Creating sustainable planned giving

By Ken Ramsay

It is recommended that a good teacher should start every new course by posing an overall question to his students that captures the essence of the course. So, on the first day of class for the planned giving course I teach, after we have discussed the tremendous potential for planned giving, I pose this question. “If there is so much potential, and other forms of fundraising have reached their growth limit, why doesn’t every nonprofit in Canada have a flourishing planned giving program?”

In fact, the reality is quite the opposite. In Gift Planning In Canada of April 2016, Kimberley MacKenzie described a research project done by one of my students at Humber College, Rebecca Ferrell. (Rebecca is now the Community Development Coordinator at Woodstock Hospital Foundation.) Her research showed that 44.5% of surveyed organizations had no planned giving program at all; 67% had no knowledgeable staff on planned giving and a full 77% had no budget.

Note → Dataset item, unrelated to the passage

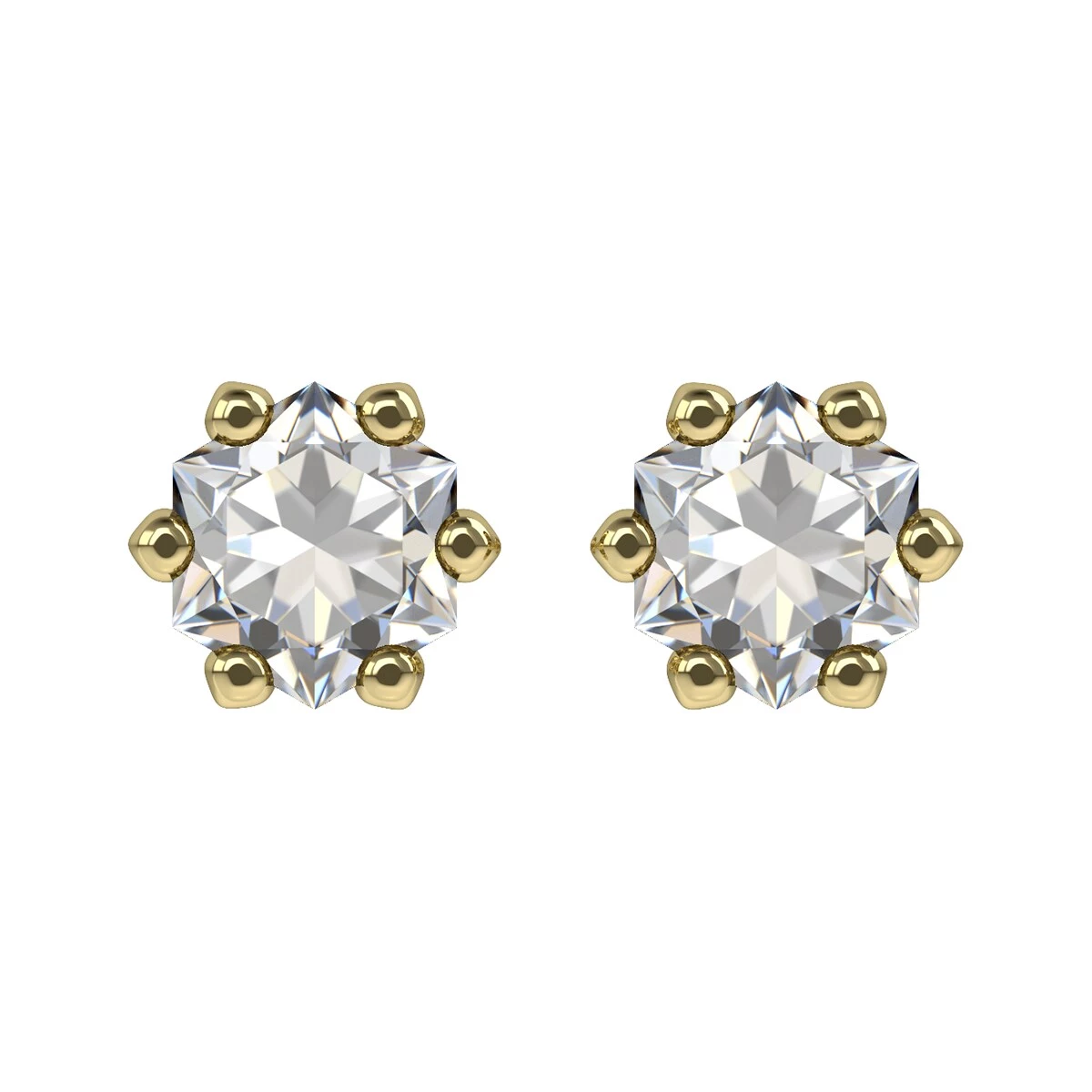 Velmi elegantní propracované náušnice pro dámy jsou vyrobeny ze žlutého zlata. Náušnice mají tvar skvěle doplňující zásnubáček Helena. Povrch šperku je lesklý a hladký, každá náušnice je osázena zirkonem o velikosti 4 mm. Váha náušnic je 1,4 g. Nádherné náušnice budou ozdobou každé ženy. Zapínání náušnic je na šroubek. Sbalit popis

Sadly, this survey supports provides the answers to my classroom question –

  • A planned giving program takes years to develop.
  • There’s no quick payback.
  • Many organizations live year-to-year.
  • It’s too expensive.

There are those in the sector who have argued for more investment in planned giving fundraising for over 25 years with only moderate success. So here’s a new argument: planned giving must be central to the long-term sustainability of almost every nonprofit in Canada.

Sustainability, you ask?

Sustainability is the long-term continuation of the mission of an organization.  It is refers to the ability of an organization to deliver it’s mission at a high level years from now, in good times and bad, in times of economic prosperity and in recession, when the annual fund falls flat and when it soars, when major gift fatigue sets in and when the campaign is over the top – sustainabilitythrough it all.

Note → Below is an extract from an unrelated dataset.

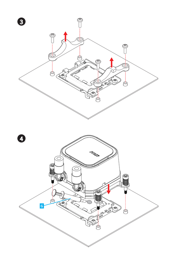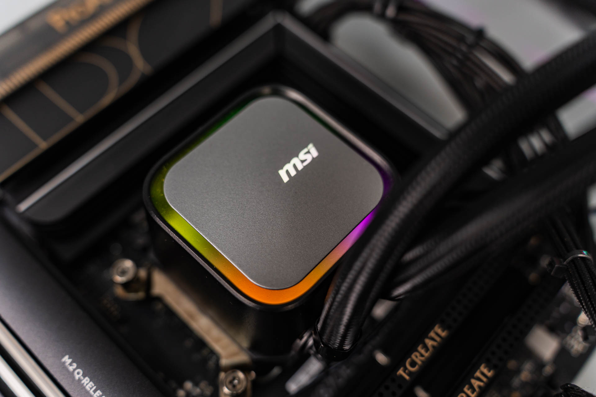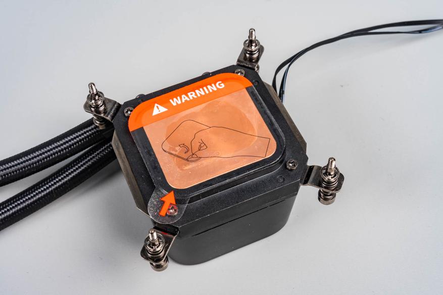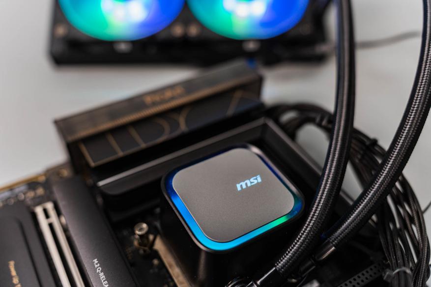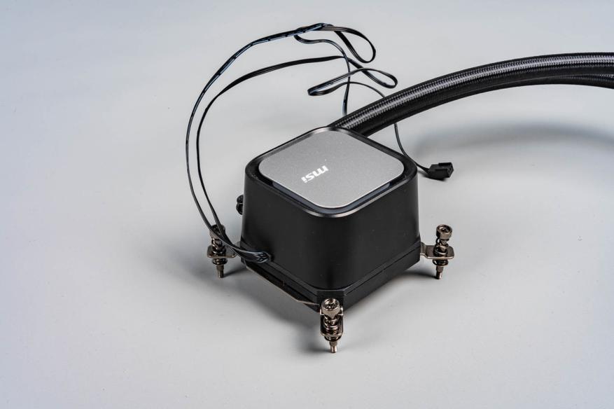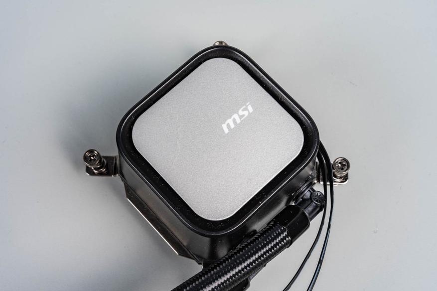 Помпа, встроенная в водоблок, обеспечивает стабильную циркуляцию, а её корпус украшен подсвечивающимся логотипом MSI, создающим эффект «парящего» элемента. Пластиковый кожух скрывает внутренние компоненты, делая систему неразборной — это ограничивает возможность обслуживания. Основание водоблока лишено крепёжных винтов, а термоинтерфейс требуется наносить самостоятельно из приложенного шприца с пастой.

I am offering this argument based on three sources. Two are fact-based research and one is a recurring anecdote I am hearing more and more. The research studies are both based on studies of fundraising revenue done in the United States. (I often turn to U.S. research because it can be well done, it is available and is also usually very applicable to the Canadian context.)

The first study, done by Schervish and Havens in 2009, used federal IRS data to discover a revealing fact concerning three cohorts of the North American population. Pre-boomers (born before 1946) have considerable wealth and are very charitable during their lifetimes and in their estates when they die. Boomers (born between 1946 and 1965) are also quite charitable and because they have or will inherit great wealth, are a huge potential for major gift and planned gift philanthropy over the next 30 years. The real surprise were the post-boomers – those adults younger than boomers (born between 1966 and 1985). They found out that they were 20% less charitable than boomers were at their age. We can assume their reluctance to support nonprofits will continue as these post-boomers age.  However, in Canada we have another challenge – there are also 20% less post-boomers because of the exaggerated Boomer bulge in the population. So, in Canada there is a major challenge coming down the track for nonprofits that rely on philanthropy. There will be a projected 40% drop in revenue gradually building over the next 30 years if we keep doing what we are doing – a growing threat to sustainability.

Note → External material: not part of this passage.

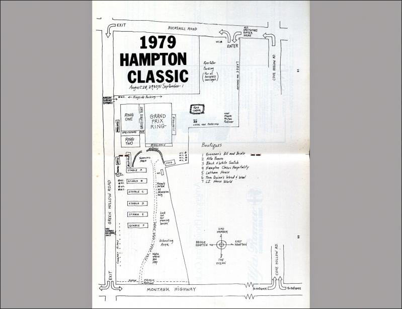 The show continued to be at Dune Alpin Farm through 1981. The map seen here, drawn by the newspaperman Dan Rattiner, shows the layout at Dune Alpin in 1979. Five hundred riders were expected that year. There was a Grand Prix ring and two additional rings, plus space for schooling or warmups.

The next study is simple and fascinating. Done by the Center of Philanthropy at Indiana University for Giving USA, this study compared fundraising revenue by fundraising sources during non-recession and recession times. The aberration is evident. Only bequest revenue remains positive during recession times and actually increases! Only bequests, the key planned gift, guarantees sustainability.

The anecdotal evidence for my argument happened last year. By co-incidence vice-presidents of four large hospital foundations separately confided in me that only over-achievement of planned giving revenue had allowed their foundations to reach annual revenue goals allowing them to fully support the mission of the organization. All have strong planned giving programs with extensive bequest pipelines that keep flowing at an increasing rate year after year – providing sustainability for their important missions.

So I invite you to rethink a planned giving program as a “sustainability plan” for your organization. Represent planned giving to senior management and boards this way. Every year, ask the question – how are you developing your sustainability plan?

If we ask that question of ourselves, planned giving becomes urgent and vital. The research and trends are clear and the question of sustainability is on the table. The long-term future of your organization may depend on it.